PROBLEM DESCRIPTION: Extract, exactly as written, each line from the start of the records below to the line containing "La 6.12. Kirjasto", both ends included; drop the pictures.

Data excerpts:
•••

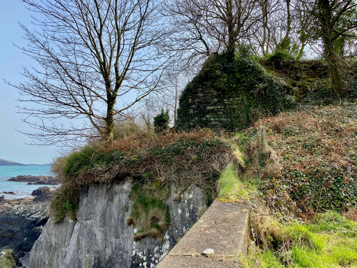 Upper – a view of the now-vanished tower of Glenbarrahane Castle at the entrance to the Haven by Cork antiquarian John Windele, 1801 – 1865 (courtesy National Library of Ireland) and lower – the vestigial stone walls that remain today beside the grey sands of Castlehaven
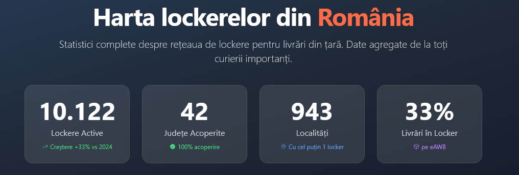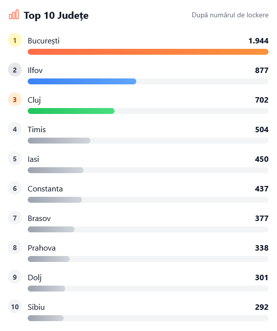 Cele mai multe lockere se găsesc în Bucureşti (1944 unităţi), Ilfov (877 unităţi), Cluj (702 unităţi), Timiş (504 unităţi) şi Iaşi (450 unităţi). Dacă vă interesează, aici puteţi găsi o hartă interactivă a tuturor lockerelor din ţară.
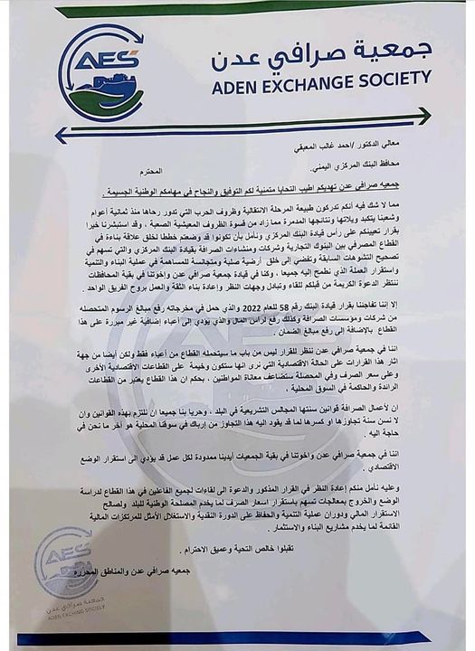 وأضاف: “إننا في جمعية صرافي عدن، ننظر للقرار ليس من باب ما سيتحمله القطاع من أعباء فقط. ولكن أيضا من جهة آثاره على الحالة الاقتصادية التي نرى أنها ستكون وخيمة على القطاعات الاقتصادية الأخرى وعلى سعر صرف العملة”.
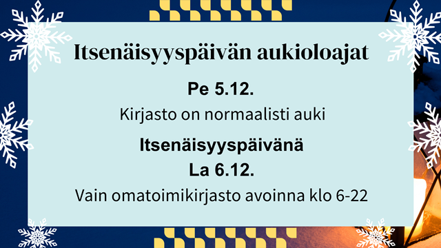 La 6.12. Kirjasto on suljettu. Omatoimikirjasto avoinna klo 6-22.
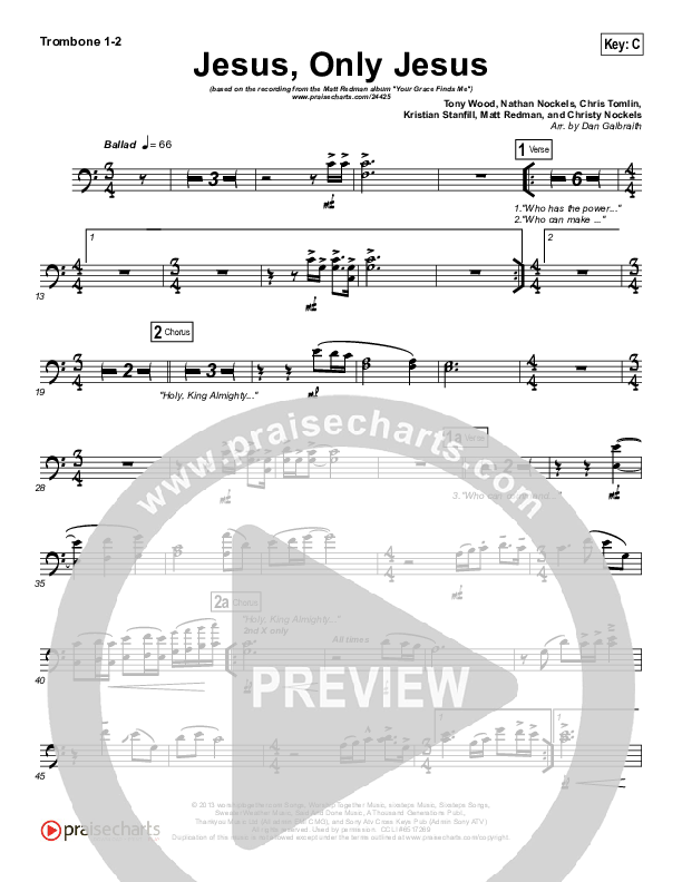 Download the Trombone 1,2 sheet music for Jesus Only Jesus by Matt Redman, from the album Your Grace Finds Me. This song was arranged by Daniel Galbraith in the key of Bb, C.
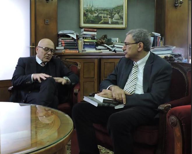 Ministar kulture i informisanja Vladan Vukosavljević i Pamuk sastali su se danas u Srpskoj akademiji nauka i umetnosti nakon predavanja. Na sastanku je bilo reči o inicijativi da se u Beogradu tokom naredne godine organizuje međunarodni skup uglednih pisaca iz celog sveta. Ministar upoznao je u najosnovnijim crtama turskog nobelovca sa idejom o organizovanju susreta književnika na kome bi se razgovaralo o tome kuda ide savremena književnost, ko su moderni junaci, položaju književnika u društvu i ostalim aktuelnim temama iz oblasti svetske književnosti.
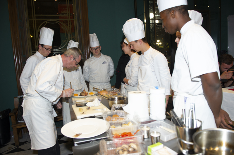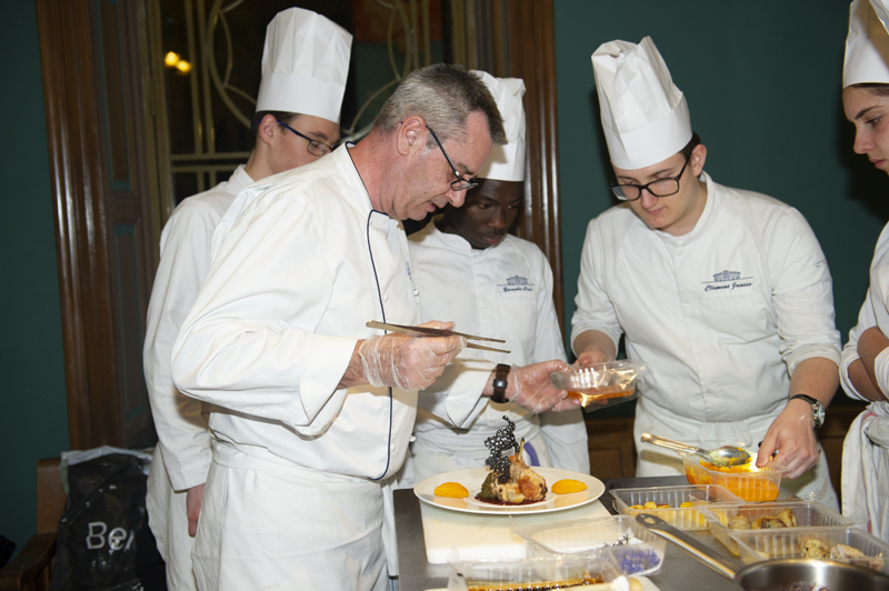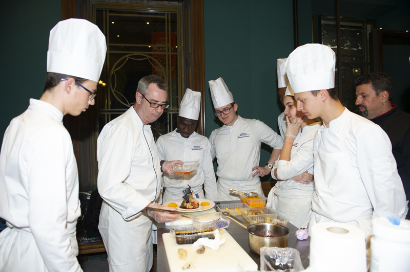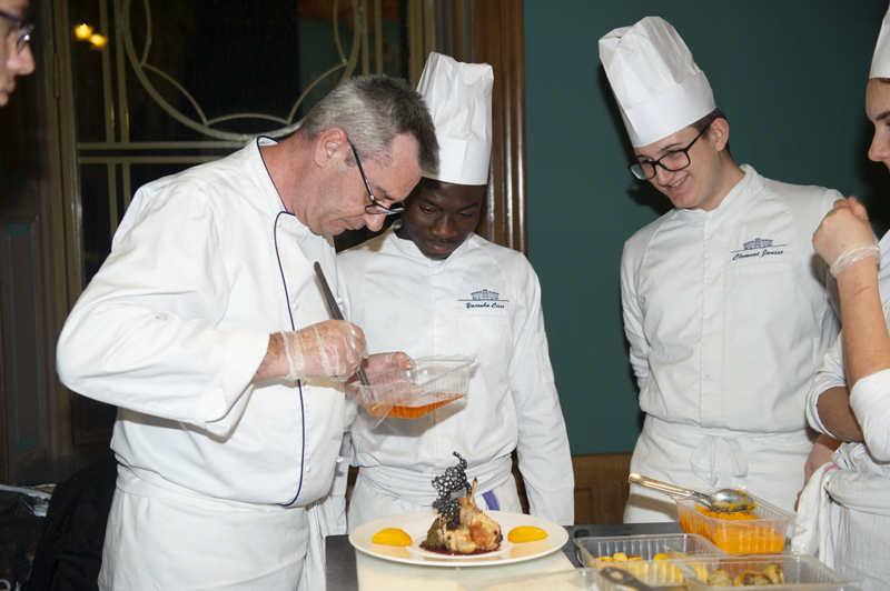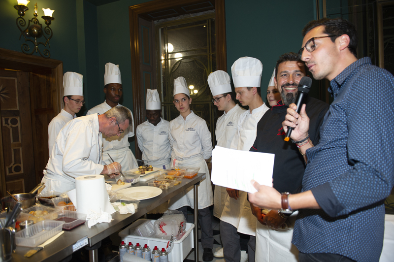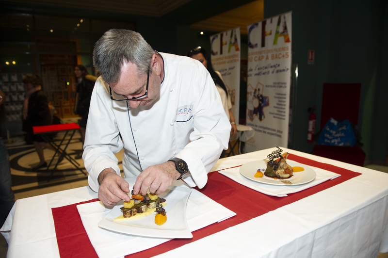 Une caméra mobile, installée dans l’entrée du CUM, a permis à l’assemblée installé dans l’amphithéâtre de suivre sur un écran géant la fabrication d’une gerbe de fleurs destinée à la marraine de l’édition ainsi que les apprentis cuistos et leurs professeurs de cuisine Luc Doré et Daniel Silvetti (Lu Fran Calin, Nice) en train d’élaborer une déclinaison de lapin en deux services: un Lapin à la Nicoise de Gairault, Purée de Butternut ou Oignons Grelot et Champignon. Voir également notre article sur l’hommage à Joël Robuchon et son dîner de gala élaboré par 12 MOF assistés des élèves du Lycée Hôtelier Paul Augier à Nice (https://yesicannes.com/fr/lycee-paul-augier-nice-hommage-joel-robuchon-51461).
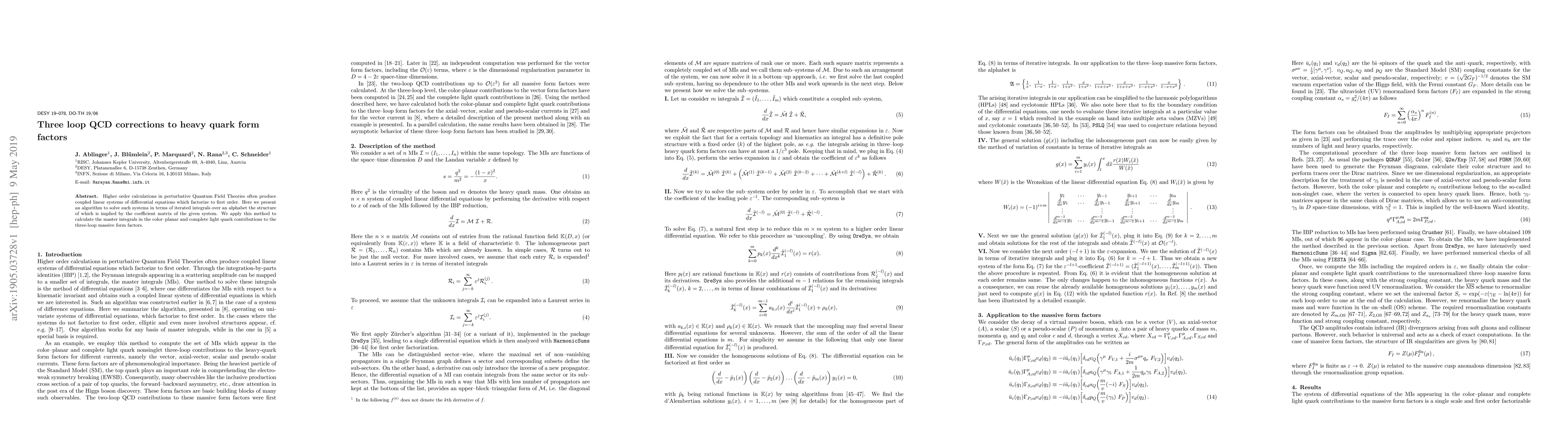 This paper presents an algorithm to solve coupled linear systems of differential equations arising in higher-order QCD corrections, applying it to compute three-loop massive form factors for heavy quarks and light quarks. The method involves iterated integrals over an implied alphabet structure derived from the coefficient matrix.

•••

RESULT OF THIS TASK:
 Upper – a view of the now-vanished tower of Glenbarrahane Castle at the entrance to the Haven by Cork antiquarian John Windele, 1801 – 1865 (courtesy National Library of Ireland) and lower – the vestigial stone walls that remain today beside the grey sands of Castlehaven
 Cele mai multe lockere se găsesc în Bucureşti (1944 unităţi), Ilfov (877 unităţi), Cluj (702 unităţi), Timiş (504 unităţi) şi Iaşi (450 unităţi). Dacă vă interesează, aici puteţi găsi o hartă interactivă a tuturor lockerelor din ţară.
 وأضاف: “إننا في جمعية صرافي عدن، ننظر للقرار ليس من باب ما سيتحمله القطاع من أعباء فقط. ولكن أيضا من جهة آثاره على الحالة الاقتصادية التي نرى أنها ستكون وخيمة على القطاعات الاقتصادية الأخرى وعلى سعر صرف العملة”.
 La 6.12. Kirjasto on suljettu. Omatoimikirjasto avoinna klo 6-22.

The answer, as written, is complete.